Here at DC&C we’ve been known to tongue-in-cheekily address our letters to people and things who were not necessarily cast nor crew of the film we are reviewing. We’ve attempted to curb that impulse to put the focus back on the people actually responsible for the films. But I’m taking license this time, because without you, Queen would never have been such a big influence in my life and being a Queen fan (or not) is central to how one will perceive Bohemian Rhapsody.
Bohemian Rhapsody – the song – is our family’s official anthem. I don’t remember the first time I heard it, because it was as much a beloved part of my childhood as the rink in our backyard, or the huge island in our kitchen where everyone congregated. It’s the song we sang together for decades and continue to sing. It’s a hallmark of each family gathering. But beyond that one song, Queen and Freddie Mercury were like extended members of our family, ever present in some form or another. I don’t think I’ve gone more than a week in my life without purposely listening to Queen.
When we planned your celebration of life you had two requests – that we have a party, not a funeral, and that we play Bohemian Rhapsody and everyone in attendance sing along. You wanted us to do this, not because Queen was your favourite band, or because you thought it would be cool. You wanted everyone to feel like they were a part of something bigger than themselves, you wanted everyone to experience the same kind of joy you felt when you were surrounded by people you loved and were able to give that same love back.

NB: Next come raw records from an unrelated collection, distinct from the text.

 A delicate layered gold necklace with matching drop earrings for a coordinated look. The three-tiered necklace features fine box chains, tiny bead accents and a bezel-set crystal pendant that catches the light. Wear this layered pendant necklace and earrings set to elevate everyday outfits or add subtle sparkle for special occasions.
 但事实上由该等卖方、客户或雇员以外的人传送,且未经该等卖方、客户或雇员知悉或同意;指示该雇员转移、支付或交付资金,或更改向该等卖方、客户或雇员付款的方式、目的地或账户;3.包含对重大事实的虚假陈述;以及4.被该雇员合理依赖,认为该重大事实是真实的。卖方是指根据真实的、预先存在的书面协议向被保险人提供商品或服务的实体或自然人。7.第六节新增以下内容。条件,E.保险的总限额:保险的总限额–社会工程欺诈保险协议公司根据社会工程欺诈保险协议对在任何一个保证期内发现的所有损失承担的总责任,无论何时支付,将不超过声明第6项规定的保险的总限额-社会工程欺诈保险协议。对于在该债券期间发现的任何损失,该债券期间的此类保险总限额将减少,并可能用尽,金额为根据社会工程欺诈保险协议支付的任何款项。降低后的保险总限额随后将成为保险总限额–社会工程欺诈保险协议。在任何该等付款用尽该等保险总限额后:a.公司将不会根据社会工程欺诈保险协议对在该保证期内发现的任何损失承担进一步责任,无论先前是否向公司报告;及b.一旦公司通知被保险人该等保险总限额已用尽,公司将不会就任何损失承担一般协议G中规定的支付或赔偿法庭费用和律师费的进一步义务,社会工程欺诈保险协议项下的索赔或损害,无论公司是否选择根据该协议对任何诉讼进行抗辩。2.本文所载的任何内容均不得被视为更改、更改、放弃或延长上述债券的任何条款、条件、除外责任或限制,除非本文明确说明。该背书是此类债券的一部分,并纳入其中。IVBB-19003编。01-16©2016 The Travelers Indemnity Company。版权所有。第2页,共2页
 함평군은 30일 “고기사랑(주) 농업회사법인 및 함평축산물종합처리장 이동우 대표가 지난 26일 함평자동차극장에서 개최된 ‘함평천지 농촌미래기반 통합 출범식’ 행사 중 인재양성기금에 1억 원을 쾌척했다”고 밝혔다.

Just as it is impossible to distill a life as long and generous as yours into one single song, trying to encapsulate a band as epic as Queen, and a front man as iconic as Freddie Mercury, into a two-hour Hollywood movie was never going to capture their essence, nor was it going to please everyone. I went into the film knowing it was likely to devolve into biopic cliché – the rags to riches story, the drugs, the sex, the inter-band conflicts, the unapologetic hagiography. Two Di’s went into this film – Di the film critic, and Di the Queen fan. Though Critic Di has some quibbles, Queen Fan Di couldn’t help but get swept up in this story, warts and all.

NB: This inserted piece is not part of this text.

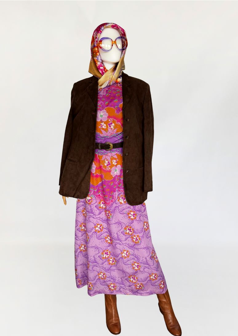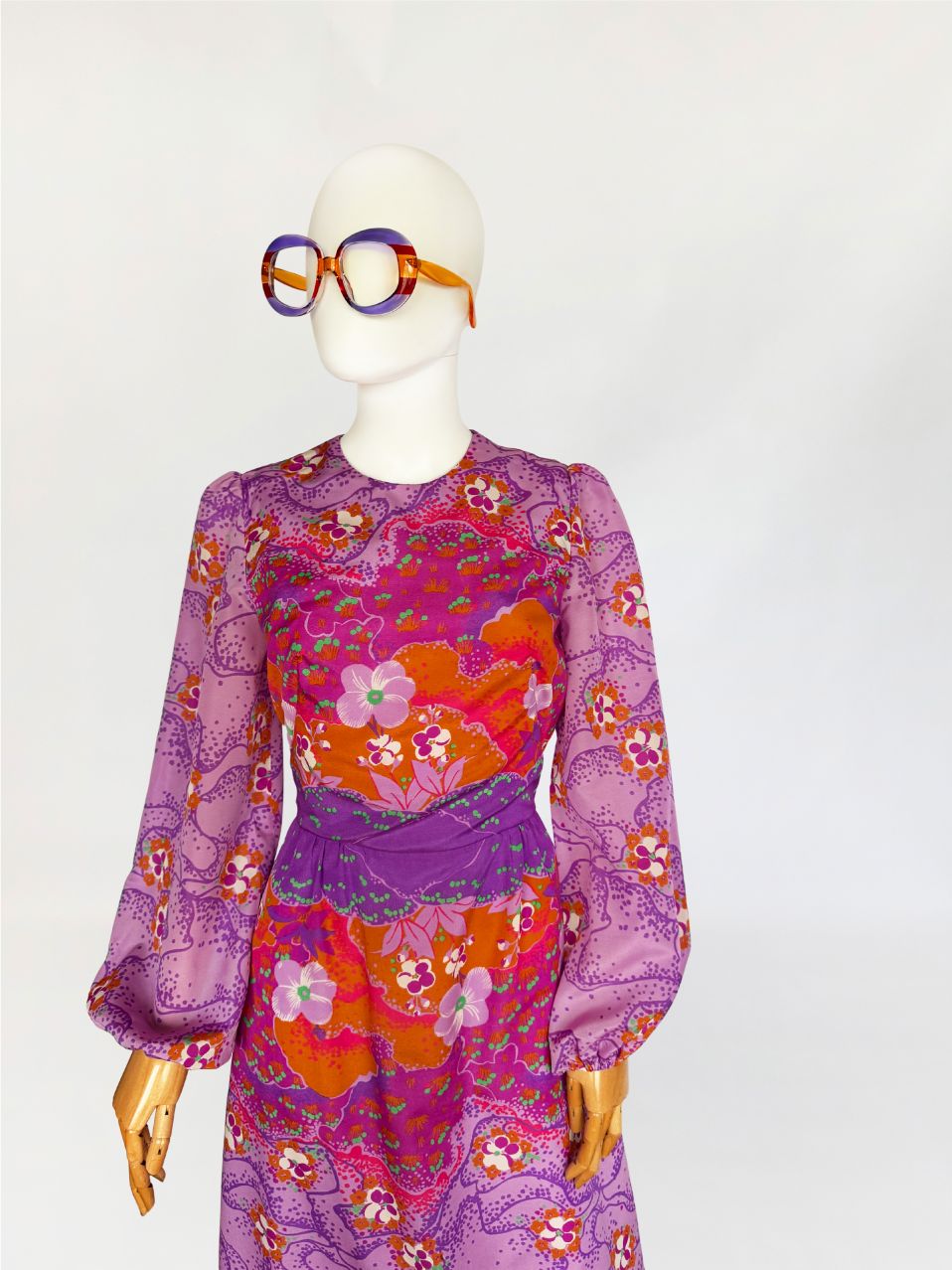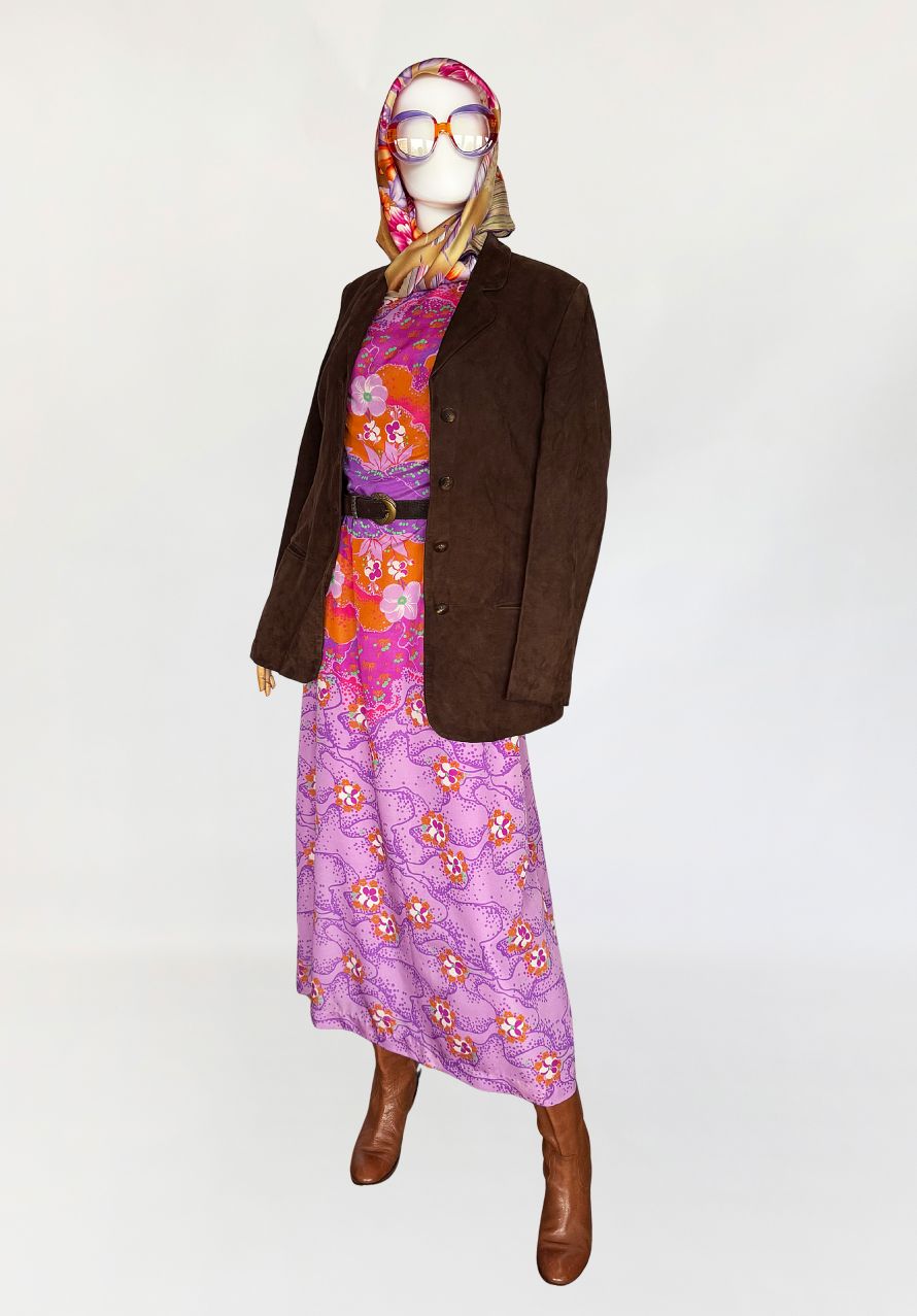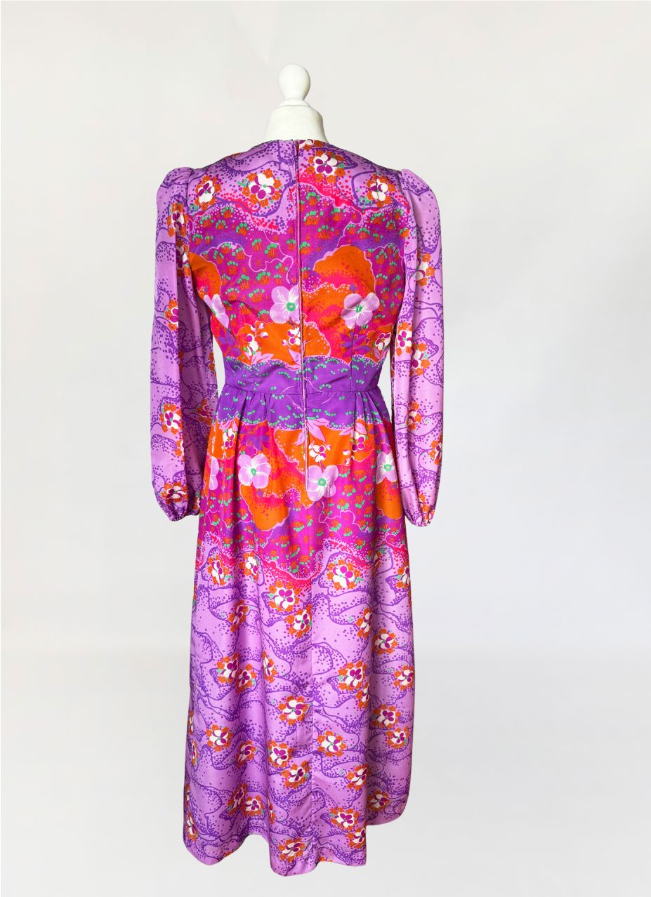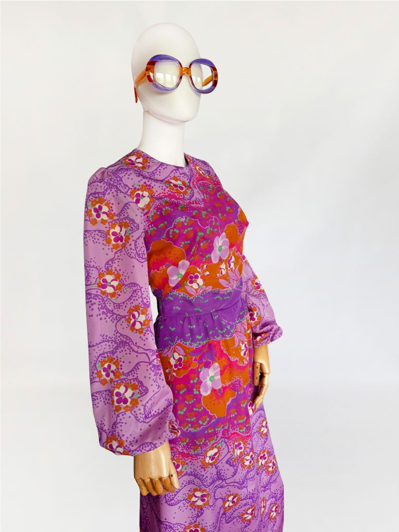 Sukienka vintage z lat 70-tych marki Vera Mont. Model mocno w stylu dekady 70's, w której romantyzm łączył się z odważnym kolorem i ekspresyjnym nadrukiem. Wykonana z lekkiej tkaniny syntetycznej w abstrakcyjne, kwiatowo-psychodeliczne motywy w intensywnych odcieniach fioletu, pomarańczu, różu i zieleni. Model z dopasowaną górą, okrągłym dekoltem i długimi szerszymi rękawami z marszczeniem przy ramionach. Dół trapezowy, o długości maxi. W talii cienkie szlufki, bez paska

It might please you to know that Rami Malek was cast as Freddie, as he was the only part of the mini-series The Pacific that you liked. And Malek’s performance is worth the price of admission. He studied Freddie obsessively for a year before filming, wore prosthetic teeth to mimic Freddie’s extra incisors (which Freddie never fixed because he believed they were the responsible for his near-4 octave range), worked with a movement coach to understand Freddie’s mannerisms, and learned to play piano and sing. Thankfully, Malek’s portrayal is not an impersonation, but an electric homage to a man who he knew never could, or should, be duplicated. Malek is the main reason to see this film, and you would have absolutely loved him in it.
Bohemian Rhapsody soars when it focuses is on the music and performances, when all four actors playing Brian May, Roger Taylor, John Deacon, and Freddie, are committed to selling Queen as a unit who created some of the most iconic and groundbreaking songs and shows ever seen and heard. Queen were constantly reinventing their sound, and surprising their fans. Which is why it is so disappointing when the rest of the film plays it so safe.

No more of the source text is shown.